We further understand that this Supreme Court doctrine comes into conflict with, and fails to take into account, the prevailing application of the higher-ranking rule which is the 1980 Rome Convention over the lower-ranking REA 42/1998 (possibly because debate in a trial is confined to or limited by the respective petitions of the plaintiff and the defendant by virtue of the principle of consistency of rulings –ne ultra petita– and this was never a subject of debate in the cases which gave rise to the Supreme Court Judgements).

Such a possible conflict of rules during the pre-legislative and legislative process which resulted in the enactment of the REA 42/1998 existed previously and was as evident as noted by Hernández Antolín in a premonitory article entitled “The So-Called Right Of Rotational Enjoyment Of Real Property: Its Peculiar Problems Within The Framework Of The Current Timeshare Market Worldwide”, which he published months before the publication of the REA 42/1998 in issue no. 33 of the Magazine “Civil News” of 14 September 1998, out of which we should cite and transcribe –in italics– the following:

5) The projected legislation is a deterrent to cross-border transactions.

The fundamental goal of the European Union is the creation of a single market of products, services, capitals and factors of production.

However, the Project, far from being instrumental in achieving this goal, imposes a brake on an activity in which most of the purchasers and most of the promoters are not resident in Spain.

– Because it attempts to prevent the constitution of timeshare schemes under foreign Legislation (1st Additional Provision).

– Because it demands that service companies have to be domiciled in Spain (Article 16.1), which seems to prevent the existence of multinational companies (unless they set up affiliated companies of Spanish nationality).

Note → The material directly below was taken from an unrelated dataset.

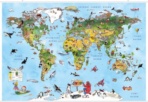 Do you want your little schoolboy or preschooler to have the world always in sight and to get to know it in a natural way? Then you won't find a better decoration for a child's room than our illustrated world map for little travelers. As you already know from our illustrated atlas, eight-year-old twins Anička and Kryštof decided one day to prepare a world atlas for little travelers like themselves. They set off on a long journey, during which they visited all the continents and shared their experiences and knowledge with their peers through engaging illustrations, a travel diary, and other notes. But that wasn't the end. Upon their return, they marked all the places they visited on a wall map, creating a hand-illustrated wall map that offers children an overview of animals, plants, monuments, and cities from all corners of the world. If you want to glean as much information as possible from the map, open the illustrated atlas, and you'll learn what each picture represents, including some interesting facts. Everything is written and drawn from the children's perspective, clearly and engagingly. The atlas and wall map are original, Czech, hand-painted works, and thanks to Anička and Kryštof, the information is tailored precisely for children. The set includes the atlas with the wall map...

– Idem as regards the owner or promoter insomuch as, if it is a company, the obligation is thereby imposed (as documentary evidence is demanded) to be registered with Companies Registry, which seems to exclude promotion by an EU company which does not have a branch, agency or office (only foreign companies with access to Companies Registry): Article 9.9.

– Idem as regards exchange companies, albeit in this case it is thereby demanded that they have an open, registered branch in Spain (Article 5.2).

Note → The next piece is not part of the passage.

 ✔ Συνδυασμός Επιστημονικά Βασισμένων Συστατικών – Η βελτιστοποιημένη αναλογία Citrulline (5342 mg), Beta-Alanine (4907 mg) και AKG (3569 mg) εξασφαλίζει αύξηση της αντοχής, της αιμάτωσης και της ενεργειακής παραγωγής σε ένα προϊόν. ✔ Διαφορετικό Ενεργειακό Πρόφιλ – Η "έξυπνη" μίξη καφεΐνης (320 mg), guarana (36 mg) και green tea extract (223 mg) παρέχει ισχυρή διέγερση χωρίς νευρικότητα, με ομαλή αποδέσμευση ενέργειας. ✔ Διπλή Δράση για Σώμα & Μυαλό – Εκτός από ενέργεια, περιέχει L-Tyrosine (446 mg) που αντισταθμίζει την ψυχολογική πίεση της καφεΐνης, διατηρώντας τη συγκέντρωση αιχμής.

This attempt to exclude foreign entities is all the more serious given that major multinational companies in the tourism and leisure sector (Disney, Marriott’s, …) are now entering the timeshare sector. It seems clear that, if the Spanish legislation is restrictive and deterring, we can expect the diversion of these investments to other countries whose legislation is more flexible (France, Italy, …).

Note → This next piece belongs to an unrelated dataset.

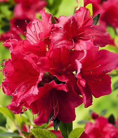 Компактный кустарник. Цветки карминно-розового цвета весной и красного цвета летом

But, perhaps more importantly, after the rationale he goes into an analysis of this matter considering the “legal system as a whole” by stating:
“6) The Bill may come into conflict with various international Treaties signed by Spain”.

“The validity in Spain of International Treaties is set forth in Article 96.1 of the Spanish Constitution, which states that they are part of our internal regulations (Constitutional Court Judgements 76/82 of 14th December, 30/86 of 20th February and 37/88 of 3rd March, and many others) and that their provisions may only be repealed, modified or suspended in the form established by the Treaties themselves or in accordance with the general rules of International Law”.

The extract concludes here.